Another book from Sibling Rivalry Press which is more “my cup of tea” due to its more conventional narrativity is Brad Richard’s Butcher’s Sugar. This book uses Greek mythological and Christian images to poetically describe (and sometimes eroticize) events/passages in the author’s childhood, teenage and adulthood years. Some of these events/passages (either real or imagined) include being naked in one’s yard and neighbourhood as in “Aubaude, ” and his growing awareness of his alienation from other teenagers due to being gay, as in “A Changeling,” and “The Child and His Monsters.” Richard’s poetry can be sensual, mythological or religious or sometimes a combination of these elements. In Butcher’s Sugar, for example, the book’s title poem, the narrator describes his body’s “candied peristyle and sticky portals.” In “Dead Tongues,” he imagines the god Hermes “Kissing a drowsy boy,” (other poems include Ganymede and Narcissus) and in “Mater Dolorosa,” a church “where I never go.”
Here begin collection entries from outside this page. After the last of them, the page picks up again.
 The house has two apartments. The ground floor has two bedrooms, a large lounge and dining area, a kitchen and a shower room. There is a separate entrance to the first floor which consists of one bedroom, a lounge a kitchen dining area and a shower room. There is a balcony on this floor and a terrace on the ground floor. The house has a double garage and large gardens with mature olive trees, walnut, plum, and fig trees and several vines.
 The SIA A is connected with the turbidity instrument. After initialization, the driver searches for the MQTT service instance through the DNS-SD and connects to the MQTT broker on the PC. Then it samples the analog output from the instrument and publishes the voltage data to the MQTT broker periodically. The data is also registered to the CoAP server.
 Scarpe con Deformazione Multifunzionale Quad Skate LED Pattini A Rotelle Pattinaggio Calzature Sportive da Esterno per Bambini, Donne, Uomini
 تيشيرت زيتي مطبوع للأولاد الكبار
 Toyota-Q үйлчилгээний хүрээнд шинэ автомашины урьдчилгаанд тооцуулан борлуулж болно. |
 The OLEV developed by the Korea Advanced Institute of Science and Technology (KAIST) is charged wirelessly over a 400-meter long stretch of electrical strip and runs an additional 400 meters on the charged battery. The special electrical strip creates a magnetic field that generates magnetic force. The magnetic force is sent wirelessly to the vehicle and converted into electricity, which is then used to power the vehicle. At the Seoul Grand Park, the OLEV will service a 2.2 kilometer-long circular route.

The best poem in this collection, “Eye Fucking,” is the artistic recreation of the murder of a gay man, Nicholas West, told through a monologue by one of his murderers, Donald Aldrich. Emotionally, the poem is difficult to read, but on a purely aesthetic level, it describes the murder in vivid detail—how the victim acted and how the two murderers showed no mercy to a man who couldn’t or wouldn’t fight back. Unrepentant at the end of the poem, Aldrich says: “If it happened all over again and I had a choice,/I’d do it all the same.” Perhaps poetry like this, which shows the deadly consequences of intolerance, helped change the political climate in America to the point that same-sex civil rights and marriages were upheld this summer by the US Supreme Court (though most states have decided not to grant rights or perform or recognize marriages at their level of jurisdiction.)
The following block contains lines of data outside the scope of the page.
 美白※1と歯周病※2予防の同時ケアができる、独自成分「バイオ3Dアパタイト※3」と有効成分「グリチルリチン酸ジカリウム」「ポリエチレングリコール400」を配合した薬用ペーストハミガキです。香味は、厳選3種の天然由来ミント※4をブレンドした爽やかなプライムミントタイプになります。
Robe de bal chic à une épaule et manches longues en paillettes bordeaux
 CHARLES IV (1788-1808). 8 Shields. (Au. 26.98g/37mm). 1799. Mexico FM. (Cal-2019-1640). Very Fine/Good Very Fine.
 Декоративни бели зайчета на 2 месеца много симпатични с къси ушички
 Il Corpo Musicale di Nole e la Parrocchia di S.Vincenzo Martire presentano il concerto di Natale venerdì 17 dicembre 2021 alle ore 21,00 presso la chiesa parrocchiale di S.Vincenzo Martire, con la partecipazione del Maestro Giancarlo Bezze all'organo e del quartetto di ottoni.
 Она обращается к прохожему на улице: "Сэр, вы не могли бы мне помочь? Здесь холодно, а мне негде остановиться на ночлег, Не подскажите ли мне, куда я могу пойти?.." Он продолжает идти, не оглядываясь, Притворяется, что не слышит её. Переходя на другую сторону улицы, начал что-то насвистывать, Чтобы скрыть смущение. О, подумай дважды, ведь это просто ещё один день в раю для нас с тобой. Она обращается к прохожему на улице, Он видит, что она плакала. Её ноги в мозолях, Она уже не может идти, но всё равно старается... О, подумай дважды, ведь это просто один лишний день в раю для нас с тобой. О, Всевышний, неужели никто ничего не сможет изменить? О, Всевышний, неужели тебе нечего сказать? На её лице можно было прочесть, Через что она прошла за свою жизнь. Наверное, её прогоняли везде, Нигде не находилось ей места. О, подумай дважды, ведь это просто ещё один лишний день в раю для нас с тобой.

Richard’s poetry believes in “The Body, The Word,” where the body is the door to the spiritual mystery, the ineffable and indescribable: “the body/found itself between words, its image/the unreadable space” is perhaps his strongest and most persistent theme. This sensual transcendence is described again in his last poem, “Envoi” but with a more creative use of line breaks and description of the natural world. “Slowly the rain/thinks : / jamine/ thistle/withered fingers/of the poinsettia/budding—“ This is a type of poetic expression which I hope Mr. Richards will continue to pursue in the future.

Little Blue Man is an artistic collaboration between poet Clive Watkins and photographer, Susan de Sola (AQ5). In this book, the little blue man, (a Thunderbirds’ action figure from the 1960s television series of the same name), is placed in different situations—hanging in a Christmas tree, lying on his side at the bottom of a whiskey bottle, or pushing a silver pram across a mantle. Watkins has written a poem that complements de Sola’s photos. Here is part of what he writes to accompany a photo of the little blue man looking at his reflection in a Christmas tree ornament: “With what rapt attention must he view himself,/ diminutive Narcissus forced by the goddess of this place/ to hang among those faux pine-boughs!” Or his description of the little blue man lying at the bottom of what seems to be a bubble-trapped, hand-blown, glass bowl looking up as if he were right side up and walking towards the viewer: “Dashing homunculus of blue and dauntless eye,/ intrepid fingerling, dainty portable hero,/ stiff little plastic Galahad great of heart, steadfast pocket-deliverer, how did he fetch up here/translated into our world with its pitiless light?…” Little Blue Man is playful yet artistic, something for both adults and children perhaps to read together, children for the photos, adults for the verse.